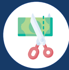
Pagbawas sa oras o bayad
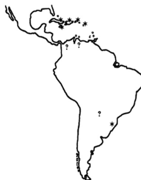
Fig. 4. Geographic distribution of H. caraibus Sharp: * Confirmed records; ? Not confirmed records.
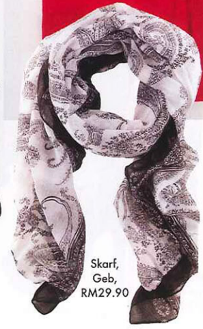
Skarf, Geb, RM29.90

Hangatkan dengan... Suntikan pop art koleksi jam tangan Bewatch Bart Verheyen dari Ice Watch. RM369 ini pasti mengundang jelingan.
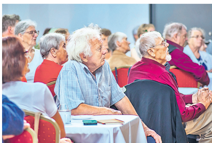
Suvepidu tõi Oru kultuurisaali eakaid paksult täis. MALLE-LIISA RAIGLA

Õues toimuvale peole oli eeldatud, et tuleb umbes 170 inimest. Kuna pidu koliti siseruumi, arvas Paaliste, et inimesi tuleb kokku vähem. Tegelikult tuli aga korraldajate üllatuseks suvepeole ligi 300 eakat. „Ei tea, mille järgi arvu prognoosida,” ütles Paaliste.
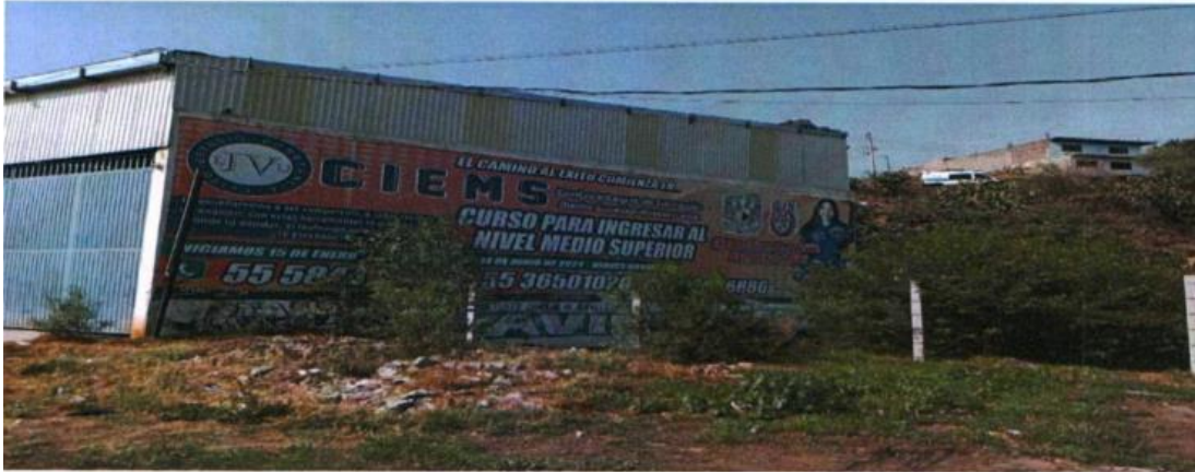
Fotografía 2. Se observa un anuncio de aproximadamente 35 metros de largo y dos metros de ancho; en la parte superior central con letras en color blanco "EL CAMINO AL ÉXITO COMIENZA EN..."; en la siguiente línea con letras en color azul "CIEMS"; a un lado " Centro integral de Educación media Superior Vasconcelos"; en la siguiente línea " CURSO PARA INGRESAR AL NIVEL MEDIA SUPERIOR" en la parte superior izquierdo con letras en color blanco con fondo de color azul "Te enseñaremos a ser competente, a saber resolver tu examen; con estas herramientas te quedaras donde tú decides, si realmente quieres aprender en la siguiente línea "¡¡TE ESPERAMOS!!" en la siguiente línea en letras de color blanco y fondo verde "INICIAMOS 15 DE ENERO / ...." En la siguiente línea tres números telefónicos; en la parte superior derecha dos logotipos de universidades, así como la imagen de una persona de sexo femenino.

Derivado de la no localización de la propaganda descrita en la solitud de Oficialía Electoral, se procedió a realizar el cuestionario a cuando menos tres personas que habiten o usen los inmuebles aledaños a la ubicación.
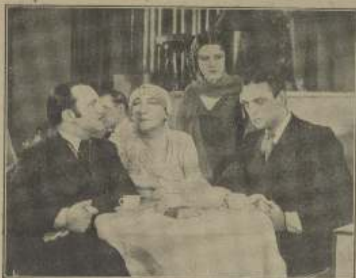
IMPERIO ARGENTINA en una escena de "La mujer es role"

Enriqueta Serrano espera su película, como hubieran de esperarla todos los "ases" del cine. Ahora que, al parecer, los productores extranjeros han caído en la cuenta de que las películas españolas deben ser escritas por españoles, es de esperar que Enriqueta Serrano, sea llamada a los estudios de Joinville o de Hollywood y se le ofrezca la oportunidad de interpretar un papel de otra española y a tono con el
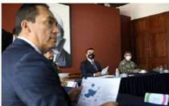
MORELIA, MICH.- En la reunión de evaluación del Grupo de Inteligencia Operativa de la Mesa de Coordinación para la Construcción de la Paz, el gobernador Silvano Aureoles pidió estrechar la coordinación interinstitucional para abatir índices de criminalidad.
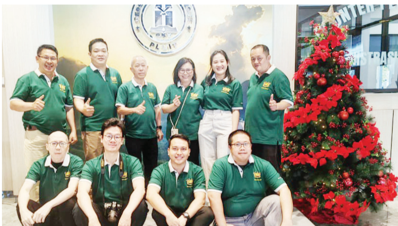
Staf GKY Pluit berfoto bersama.
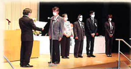
▲第71回 魚津市社会福祉大会 表彰式の様子
■ ■ ■ ■ ■ ■ ■
> **WHAT YOU NEED TO DO**
From the opening line of the entries above to the line that holds "Õues toimuvale peole", inclusive, reproduce each line exactly and omit any picture.

> **RESPONSE TO THE EXERCISE**
Pagbawas sa oras o bayad
Fig. 4. Geographic distribution of H. caraibus Sharp: * Confirmed records; ? Not confirmed records.
Skarf, Geb, RM29.90

Hangatkan dengan... Suntikan pop art koleksi jam tangan Bewatch Bart Verheyen dari Ice Watch. RM369 ini pasti mengundang jelingan.
Suvepidu tõi Oru kultuurisaali eakaid paksult täis. MALLE-LIISA RAIGLA

Õues toimuvale peole oli eeldatud, et tuleb umbes 170 inimest. Kuna pidu koliti siseruumi, arvas Paaliste, et inimesi tuleb kokku vähem. Tegelikult tuli aga korraldajate üllatuseks suvepeole ligi 300 eakat. „Ei tea, mille järgi arvu prognoosida,” ütles Paaliste.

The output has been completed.